## YOUR GOAL
Write out the opening lines of the data word for word, up to and including the line with "Android 声音播放都是通过 AudioTrack", and leave every picture and every later line out.

========================================================================

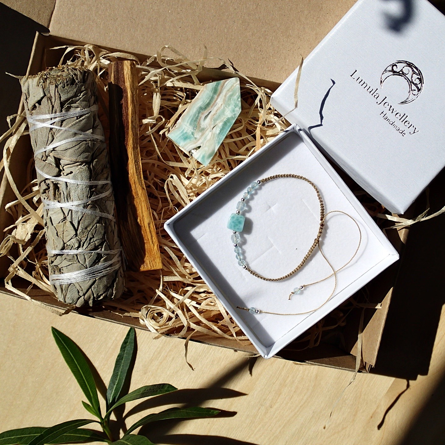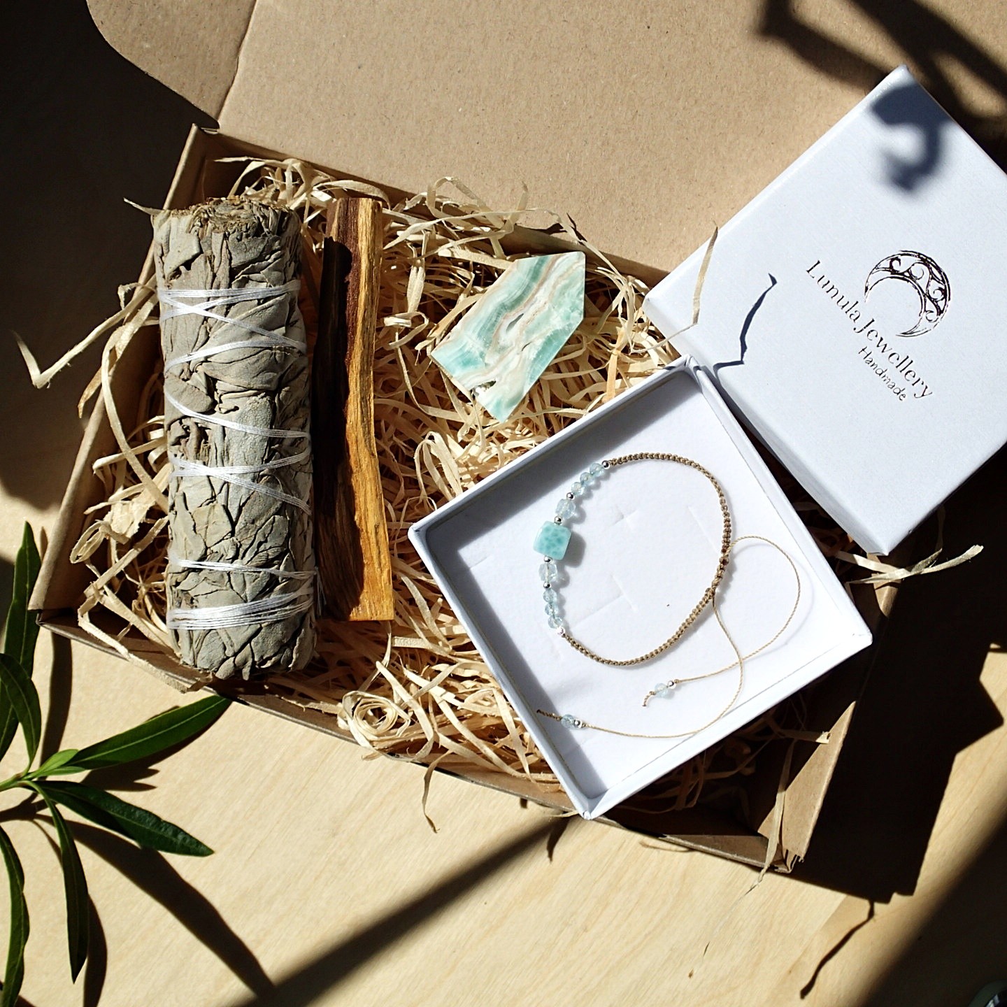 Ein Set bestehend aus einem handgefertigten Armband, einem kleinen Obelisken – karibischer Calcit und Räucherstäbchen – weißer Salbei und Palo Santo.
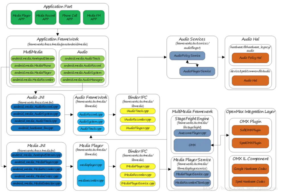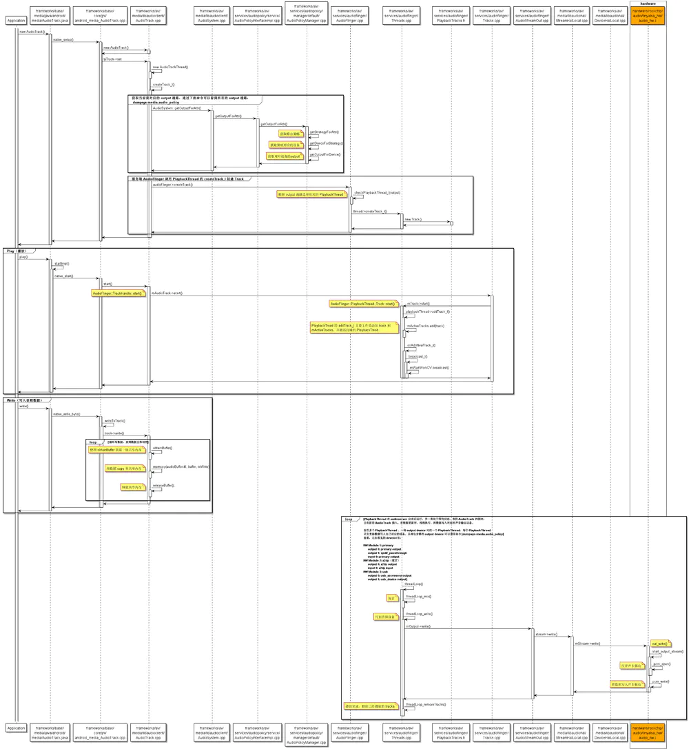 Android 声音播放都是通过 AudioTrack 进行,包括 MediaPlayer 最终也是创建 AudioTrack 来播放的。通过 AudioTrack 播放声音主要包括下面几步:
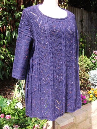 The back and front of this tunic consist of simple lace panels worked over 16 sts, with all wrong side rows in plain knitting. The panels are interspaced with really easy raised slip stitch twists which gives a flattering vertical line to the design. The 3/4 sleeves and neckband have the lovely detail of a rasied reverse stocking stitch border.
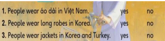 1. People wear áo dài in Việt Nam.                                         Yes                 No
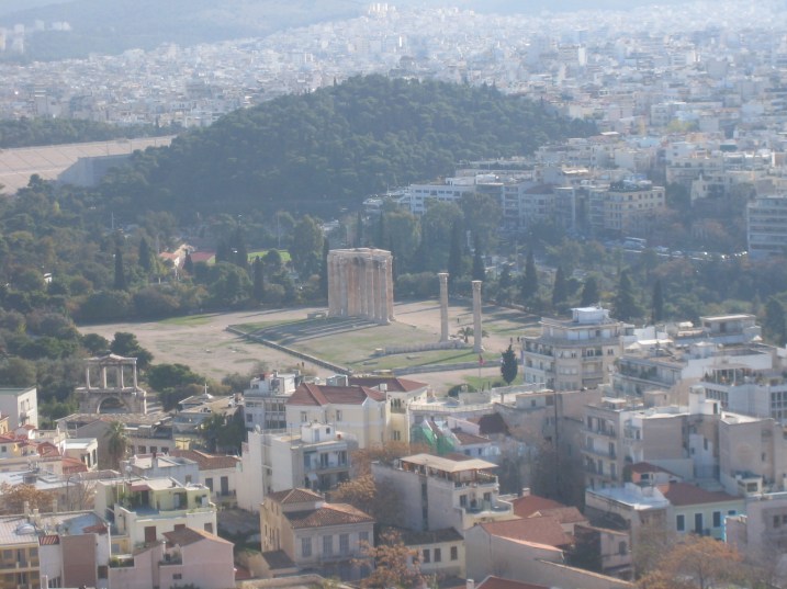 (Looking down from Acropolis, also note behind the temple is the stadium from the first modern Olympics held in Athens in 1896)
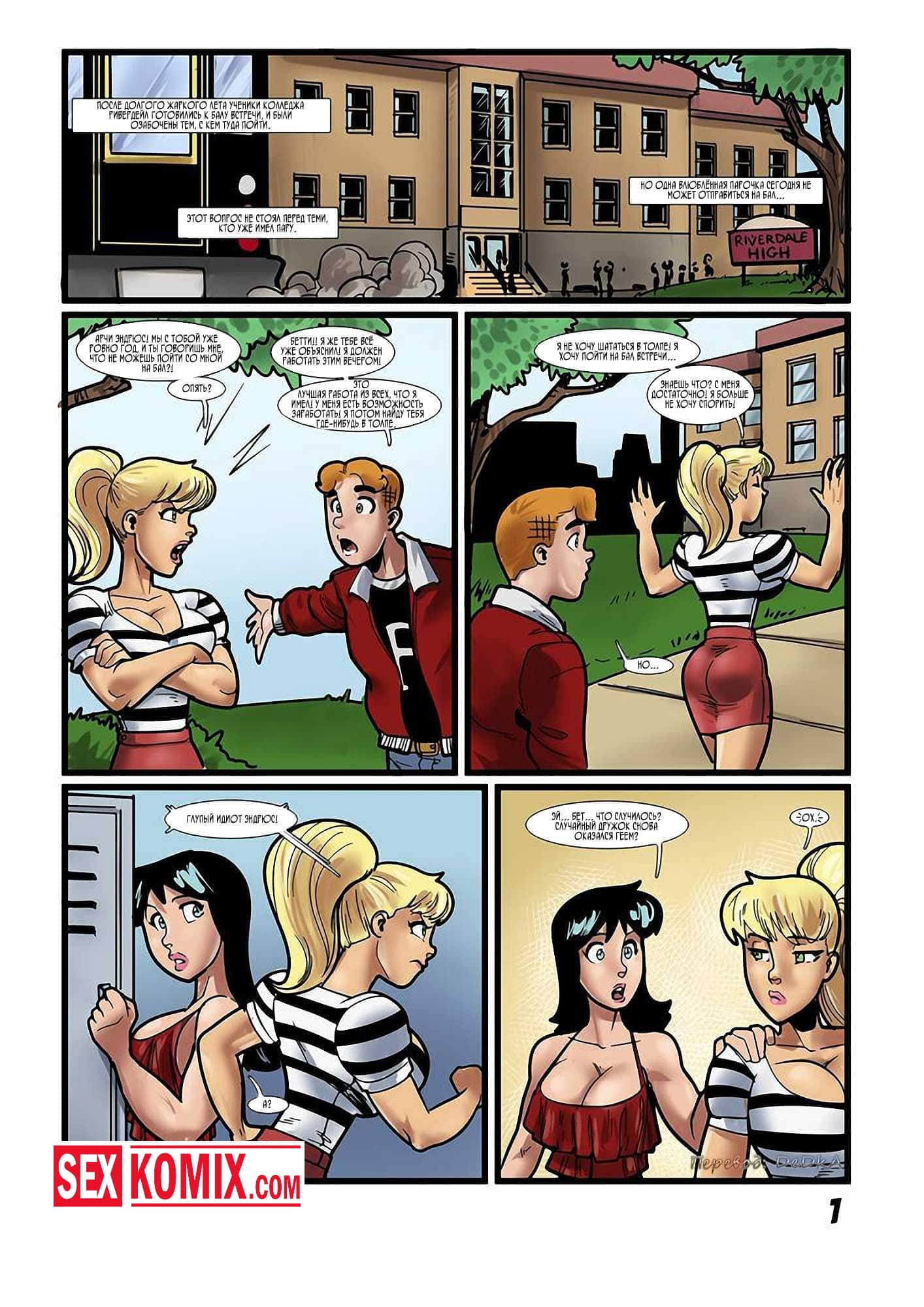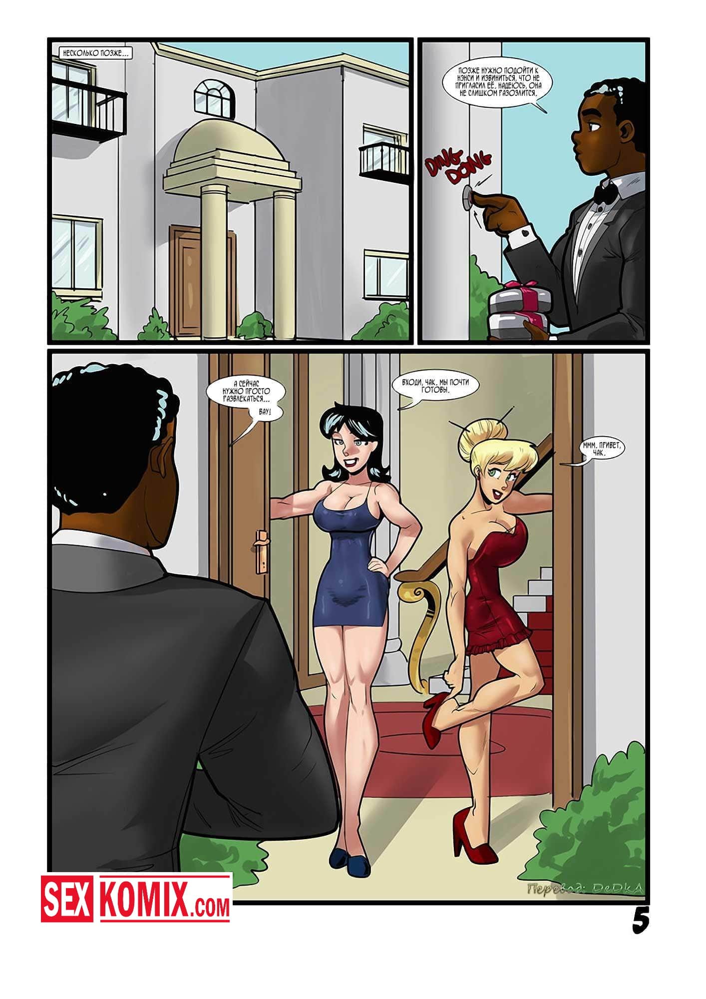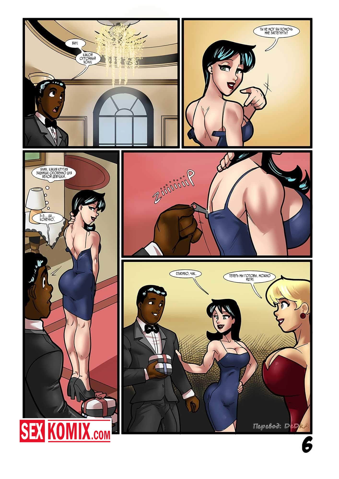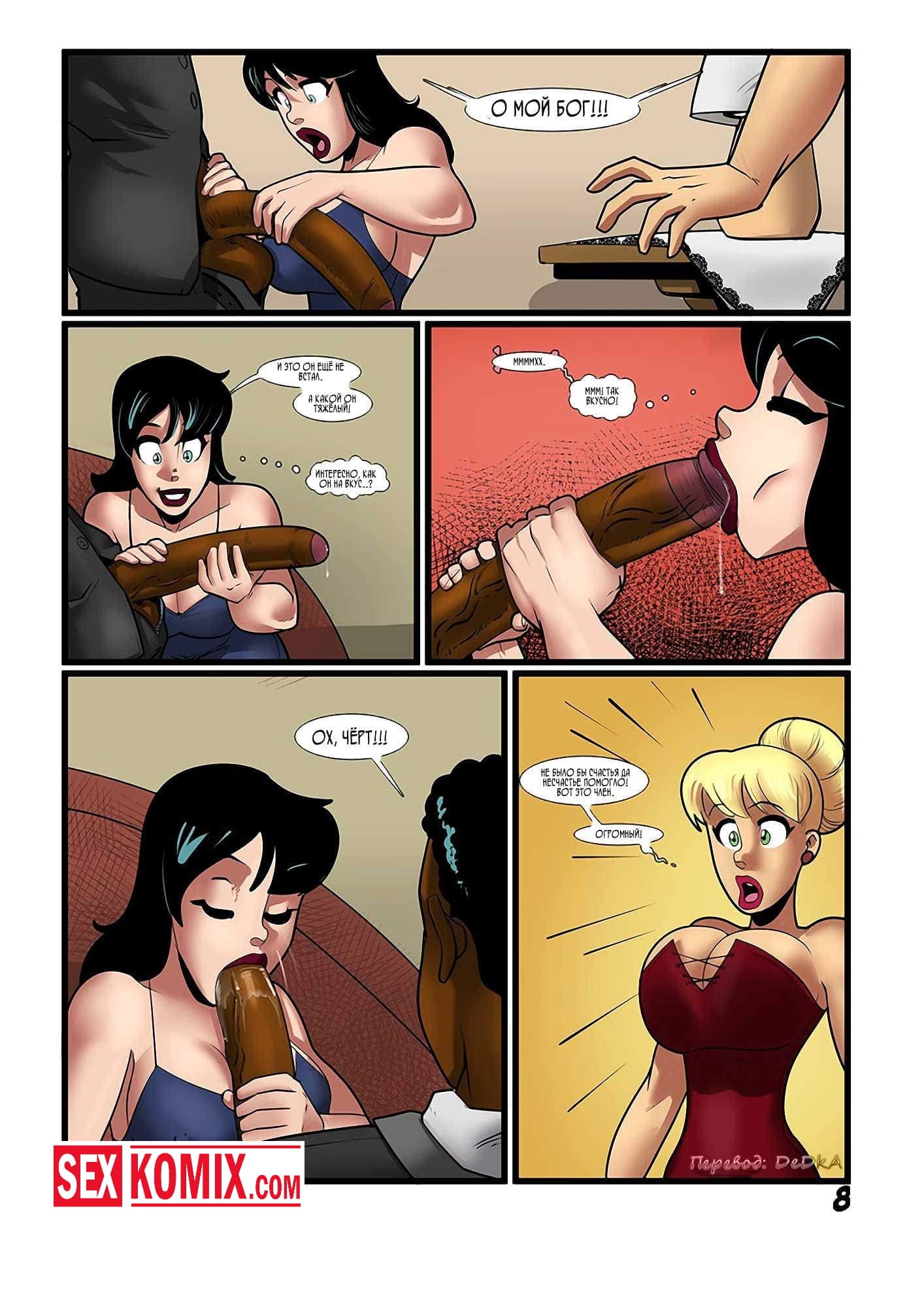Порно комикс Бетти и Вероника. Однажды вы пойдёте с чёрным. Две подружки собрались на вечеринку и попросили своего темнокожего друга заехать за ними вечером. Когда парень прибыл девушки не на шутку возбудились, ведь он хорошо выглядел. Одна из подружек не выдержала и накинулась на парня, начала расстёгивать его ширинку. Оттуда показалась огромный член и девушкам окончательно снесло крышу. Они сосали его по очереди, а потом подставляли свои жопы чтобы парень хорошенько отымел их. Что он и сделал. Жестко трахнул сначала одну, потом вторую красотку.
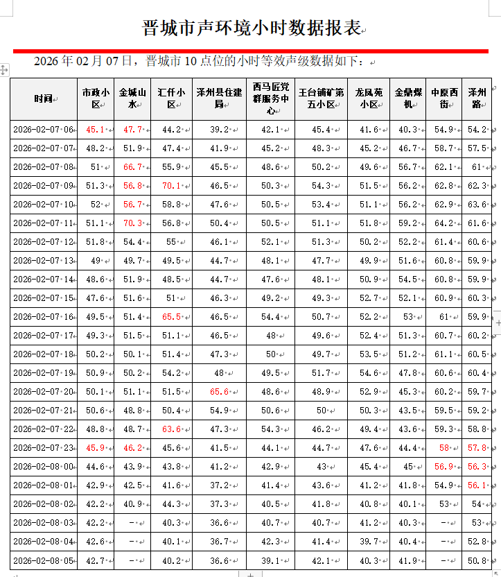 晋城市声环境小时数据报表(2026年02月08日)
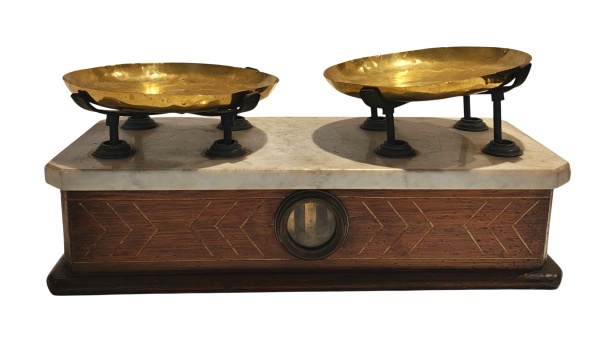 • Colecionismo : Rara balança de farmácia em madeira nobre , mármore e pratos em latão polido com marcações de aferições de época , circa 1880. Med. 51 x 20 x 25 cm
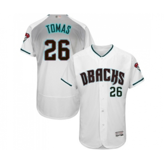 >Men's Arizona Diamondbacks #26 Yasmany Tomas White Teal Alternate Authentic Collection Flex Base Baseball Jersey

========================================================================

## FINISHED EXERCISE
 Ein Set bestehend aus einem handgefertigten Armband, einem kleinen Obelisken – karibischer Calcit und Räucherstäbchen – weißer Salbei und Palo Santo.
 Android 声音播放都是通过 AudioTrack 进行,包括 MediaPlayer 最终也是创建 AudioTrack 来播放的。通过 AudioTrack 播放声音主要包括下面几步:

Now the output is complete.